This is part of a problem from an old prelim exam in analysis. I am studying to prepare for my own prelim.
Let $\{q_n\}=\mathbb Q$, and let $f_n : \mathbb R \to [0,\infty)$ be a Borel measurable function with $\int f_n d\lambda=1$ and with support $[q_n-2^{-n-1},q_n+2^{-n-1}]$. $\lambda$ is the Lebesgue measure.
We furthermore define a Borel measure $\mu$ by $\mu(A) := \int_A \sum_{n=1}^\infty f_n d\lambda$.
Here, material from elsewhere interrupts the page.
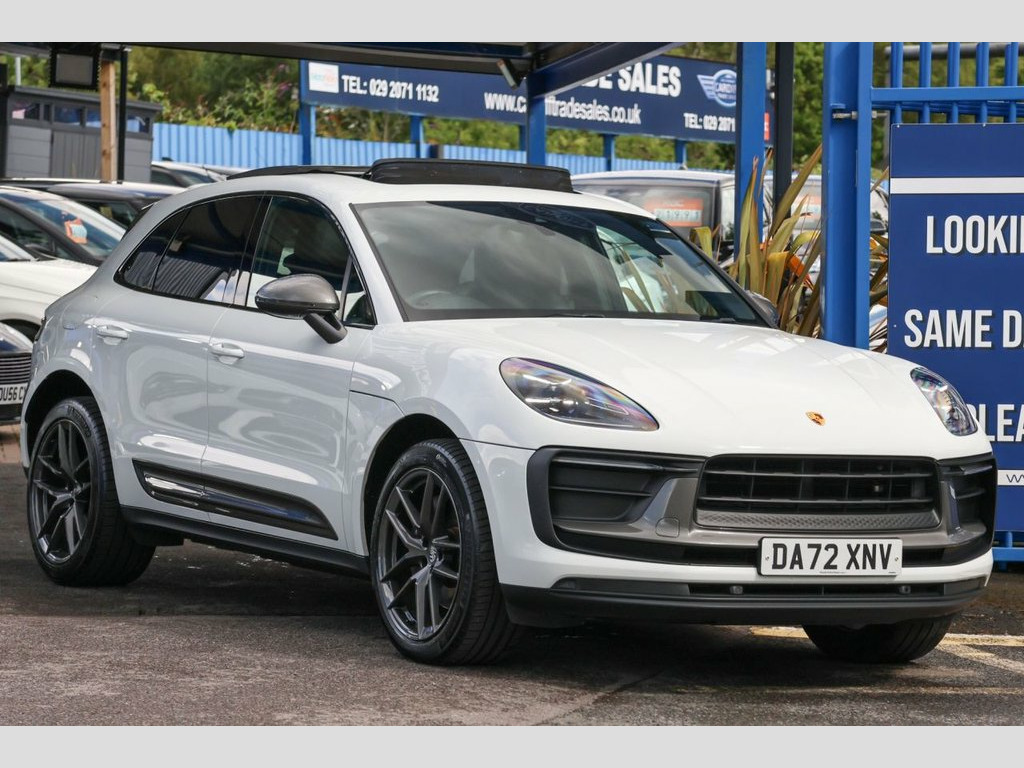 HERE AT CARDIFF TRADE SALES WE HAVE JUST TAKEN DELIVERY OF THIS STUNNING PORSCHE MACAN T, THIS VEHCILE HAS COVERED 28K MILES AND COMES WITH THE FOLLOWING SPECIFICATIONS: PANORAMIC ROOF SYSTEM, SPORTS EXHAUST SYSTEM IN BLACK, LANE CHANGE ASSIST, REVERSING CAMERA, PRIVACY GLASS, AUTOMATICALLY DIMMING INTERIOR AND EXTERIOR MIRRORS, MECHANICAL ROLL-UP SUNBLIND FOR REAR SIDE WINDOWS, POWER STEERING PLUS, SMARTPHONE COMPARTMENT WITH WIRELESS CHARGING, SPEED LIMIT INDICATOR, 75 LITRE FUEL TANK, TYRE SEALING COMPOUND AND ELECTRIC AIR COMPRESSOR, 20-INCH MACAN S WHEELS IN DARK TITANIUN, BLACK LEATHER INTERIOR, BLACK LEATHER INTERIOR, DAB/FM/AM RADIO, WIRRELESS APPLE CAR PLAY, NAVIGATION, HEATED FRONT SEATS, LED HEADLGHTS, LED DAY TIME RUNNNG LIGHTS, POWER TAILGATE, FRONT AND REAR PARKING SENSORS, REVERSE CAMERA, BLIND SPOT ASSIST. 20in Alloy Wheels - Macan S in Dark Tita, ABS - Anti-lock Brake System, Accent Trim in Silver-Coloured Finish, Active Radiator Grille Shutters, Alarm System with Ultrasonic Interior Su, Analogue Clock on Dashboard, Apple CarPlay with Siri Voice Recognitio, Auto-Hold Function, Automatic Headlight Activation including, Automatic Tailgate, Black Interior Trim Pack, Bottle Holders in Door Panels - Front an, Brake Calipers - Black, Bumpers Comprising High-Strength Cross M, Centre Console Armrest with Fore-Aft Adj, Climate Control - Three Zone, Clothes Hooks on the B-Pillars, Combination Floating Calipers at Rear, Comfort Ambient Lighting Package, Connect Plus, Cruise Control with Speed Limiter, C
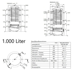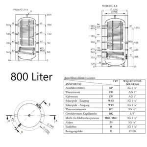 Heizwasser-Pufferspeicher mit Brauchwassererwärmung WGJ-BN INOX SOLAR

For the first part of this problem, I have already proven that $\sum_{n=1}^\infty f_n(x) < \infty\ \mathrm{a.e}$, that $\mu <\!\!<\lambda$, and that every open subset of $\mathbb R$ has infinite $\mu$-measure. Now we are asked to show that $\mu$ is $\sigma$-finite, and a I find myself fully at a loss to see how to do this. It seems very difficult to see how this could even be true, since again, every open subset of $\mathbb R$ has infinite $\mu$-measure.
If you've shown $f = \sum f_n <\infty$ on a set $A$ with $\lambda (\mathbb R\setminus A)=0,$ we can do this: For $j,k=1,2, \dots,$ let $B_{jk} = \{x\in [-j,j]\cap A: f(x)\le k\}.$ Then $A\cap [-j,j] = \cup_k B_{jk},$ and $\mu(B_{jk}) = \int_{B_{jk}} f \,d\lambda\le k\cdot 2j<\infty$ for all $j,k.$ We then have $A= \cup _{j,k} B_{j,k},$ which shows $\mu$ is $\sigma$-finite.